Collection entries
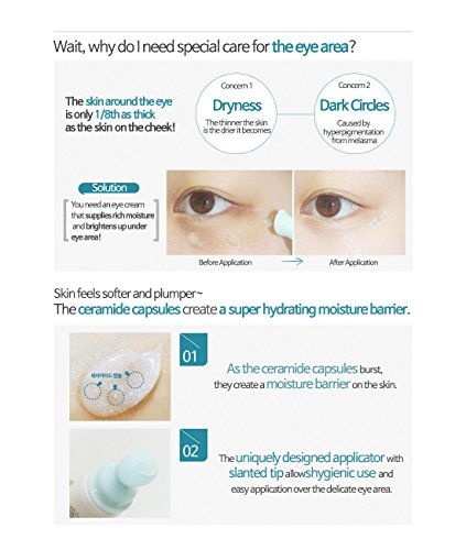 Details : Whitening / Anti-Wrinkle / Tested for skin irritation / Improves dark circles / Moisturize and brighten up the delicate skin around the eyes / Mistletoe and Ceramides Complex creates a protective moisture barrier / Ceramide capsules soothe sensitive eye area and create a moisture barrier / Country of Origin : South Korea
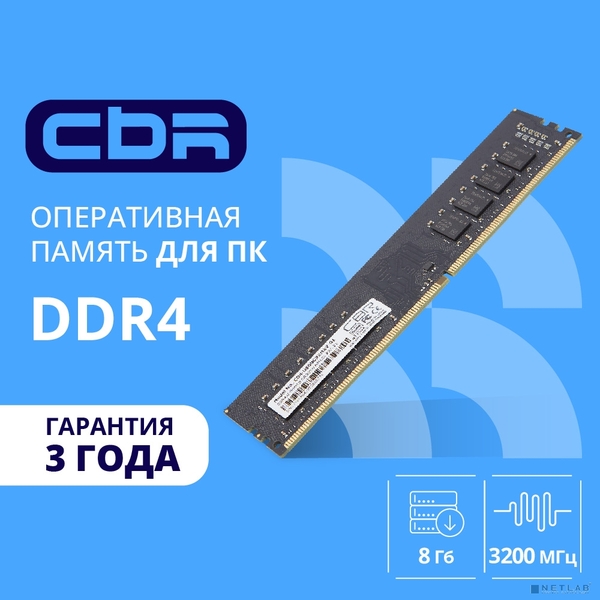 Оперативная память CBR DDR4 DIMM (UDIMM) 8GB CD4-US08G32M22-01 PC4-25600, 3200MHz, CL22 купить в интернет-магазине TPShop.Ru. Наличный и безналичный расчет, розничные и оптовые продажи. Самовывоз, доставка по Москве и МО, отправка во все регионы России.
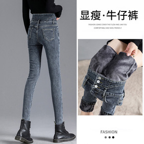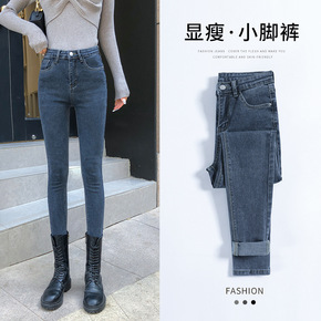 时尚女秋冬2021新款高腰加厚休闲裤显瘦黑色小脚裤...
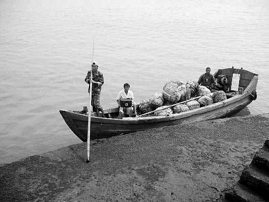 9月10日,記者坐上去壁下島的船。海水很藍,周圍點綴著很多小島。經3小時航行,記者來到壁下島。這是一個很小的島,遠遠看去,像飄在海上的一片樹葉。整個島只有1.2平方公里,從島的這頭到那頭,走路最多只要半小時。
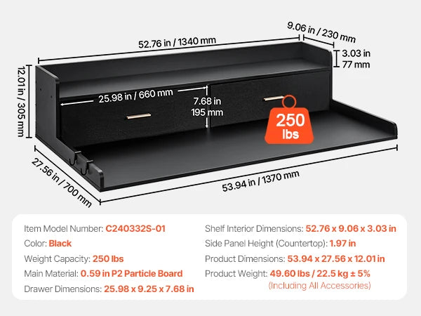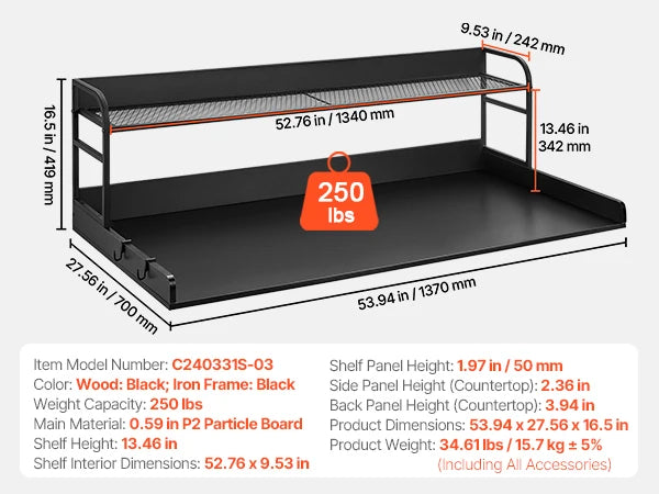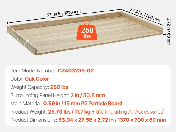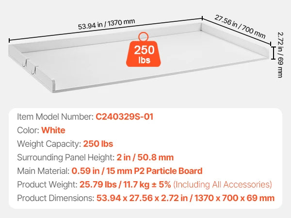- Spacious 54 inches wide by 27 inches deep provides ample room for folding, sorting, and organizing laundry tasks; built from heat-, water-, and scratch-resistant 15mm P2 CARB wood that supports up to 250 lbs.

Exercise :: Could you copy the lines above exactly and skip the images?

Output of the task ::
 Details : Whitening / Anti-Wrinkle / Tested for skin irritation / Improves dark circles / Moisturize and brighten up the delicate skin around the eyes / Mistletoe and Ceramides Complex creates a protective moisture barrier / Ceramide capsules soothe sensitive eye area and create a moisture barrier / Country of Origin : South Korea
 Оперативная память CBR DDR4 DIMM (UDIMM) 8GB CD4-US08G32M22-01 PC4-25600, 3200MHz, CL22 купить в интернет-магазине TPShop.Ru. Наличный и безналичный расчет, розничные и оптовые продажи. Самовывоз, доставка по Москве и МО, отправка во все регионы России.
 时尚女秋冬2021新款高腰加厚休闲裤显瘦黑色小脚裤...
 9月10日,記者坐上去壁下島的船。海水很藍,周圍點綴著很多小島。經3小時航行,記者來到壁下島。這是一個很小的島,遠遠看去,像飄在海上的一片樹葉。整個島只有1.2平方公里,從島的這頭到那頭,走路最多只要半小時。
- Spacious 54 inches wide by 27 inches deep provides ample room for folding, sorting, and organizing laundry tasks; built from heat-, water-, and scratch-resistant 15mm P2 CARB wood that supports up to 250 lbs.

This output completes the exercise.